The short, non-useful answer is fairly simple - they can if the game is designed in such a way to allow them to work.
All real-life small-unit tactics are based on a handful of very simple principles - namely, achieve a larger volume of fire than your enemy in order to allow your own men freedom to maneuver and ultimately destroy the enemy.
The problem of course, comes in the concept of volume of fire and maneuver. In a game like gears of war for example, it takes an enormous quantity of fire to bring down a single opponent and as such, simple volume of fire is not terribly effective in the general sense. Yet even in this game you find that while volume is not terribly important, relative lethality is and as such, any time you outnumber your opposition (the only way in the game to achieve any kind of fire superiority if player skill is equal) you will find that the odds of compleating any sort of maneuver increase dramatically.
Most FPS games however favor neither volume of fire or maneuver - instead they rely almost entirely on the careful application of fire by individual players. Modern Warfare (or the sequel for that matter), a game that seems like a prime candidate for the application of the most general prinicples of small unit combat, has a combination of mechanics where most game modes are actually openly hostile to any attempt to apply real life tactics. While lethality is certainly present (and as such volume of fire becomes important), the freedom of maneuver becomes almost entirely irrelevent. Distances in the game are so short and cover so ineffective that it is rare any gun battle lasts more than a few seconds. Assuming a target(s) could be suppressed, sending other players to flank is almost certainly a wasted effort. In the time it takes for the unit to maneuver, the fight is almost certainly over. Worse still, the most commonly played game modes result in a constantly shifting battlespace who's only real tactical features are areas of varying inherent danger when attempting to transverse them. If you consider that only a handful of the game modes offer players a compelling reason to stand their ground and fight, you realize that the game most people play most of the time has very little in common with scenarios in which real life tactics were developed. Having proper lethality matters little when there is little freedom of or incentive to maneuver.
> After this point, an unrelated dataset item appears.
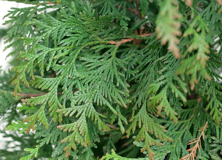 Ok, first up: 'Green Giant' purchased this summer in #15 pots and kept in P.M. shade. I think that is important to note that I can in no way duplicate the conditions that Scott had, nor does my camera saturate the colors the way that his does. My camera doesn't have a flash so I can't add the flash glare that can add some shinyness to the foliage. My best attempt at duplicating with a little glare from the early morning sun. http://i24.photobucket.com/albums/c16/erniew/plants/ThujaXStandishiiGreenGiantFoliage2.jpg
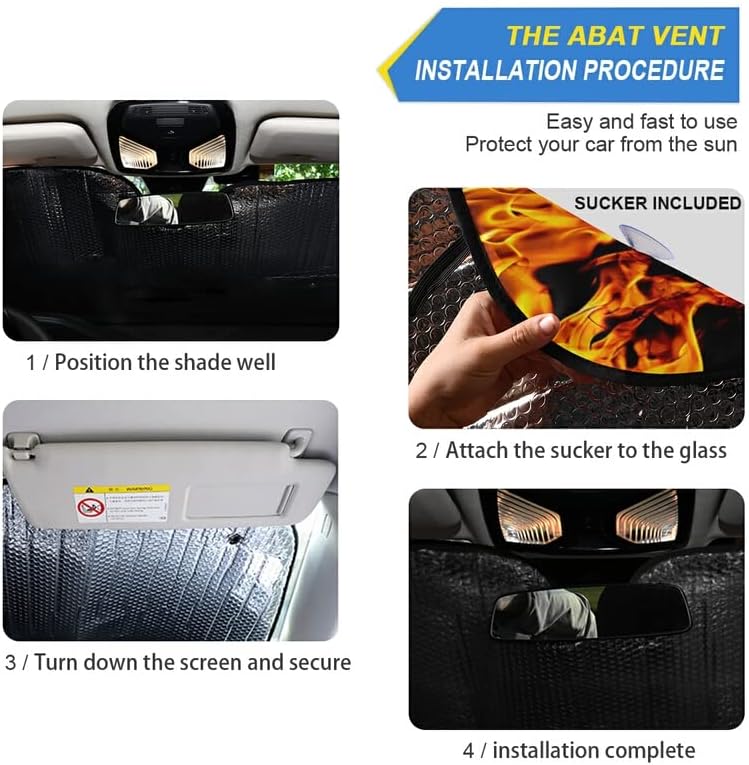 • تركيب سريع: ما عليك سوى إدخال مظلة الشمس في الزجاج الأمامي الخاص بك، وهناك 4 ملحقات أكواب شفط متضمنة لربط واقي الشمس بالزجاج لزيادة الثبات.

Oddly, while the most general principles rarely make their way into games, a different (but related) set of tactics can and in fact often is applied to games like Battlefield - that is the principle of combined arms. As any player who has spent much time with the series will attest, any attack tends to be more successful when players properly coordinate the available assets. When a single tank (or even small group) attacks a stronghold, the result is usually a few casualties on the defending team and an enormous pile of wreckage for the attackers. If a pure infantry assault is attempted, the result is generally a bit more successful but often gives the same result. Yet, somehow, when combined an infantry/tank assault tends to be more successful than the sum of it's parts might imply. The reason is relatively simple - the biggest danger the tanks face is anti-armor weapons - the infantry accompanying the tanks are ideally suited to destroying such annoyances. The biggest danger facing the infantry is machine gunners and riflemen from the defenders - a problem that the tanks are ideally suited to face. When properly applied, a combined arms offensive allows an assaulting (or defending) force to minimize their weaknesses and as such maximize their offensive potential.
Of course, such things are rarely well coordinated and few games actually allow for a true combined arms approach. Often, it is simply by sheer luck that such a tactic is attempted - a great enough quantity of players descend on a point and haul with them their preferred (or smiply available) assets. Such a move generally succeeds, both because of the strength of the combined arms approach to combat and because when it occurs it is usually the result of a significant portion of a team being in the same spot.
Of course, everyone uses some variety of tactic when they play an FPS game, unless they simply act at random and hope for the best. In your average game of battlefield for example, you'll find that most players naturally seem to hold a basic understanding of a few principles. Snipers for example, generally understand that they need to try and occupy a vantage that has wide sight lines and preferably overlooks an avenue that enemy infantry are likely to cross while players who favor armor tend to understand that they need to use their tank at the points of greatest resistance for maximum effect. Without any real coordination however, the inevitable result is games are won and lost primarily because one team either has significantly more skill on average or simply because the particular collection of players on one side just happen to prefer tactics that support one another. A well coordinated team can often be far more effective than a highly skilled group of individuals. To put it in perspective, while snipers might be useful in certain moments in a game of battlefield bad company, if you have been pushed all the way to the final point, chances are quite excellent that you would better serve your team using a weapon that favors close quarters combat over one that favors long ranged precision.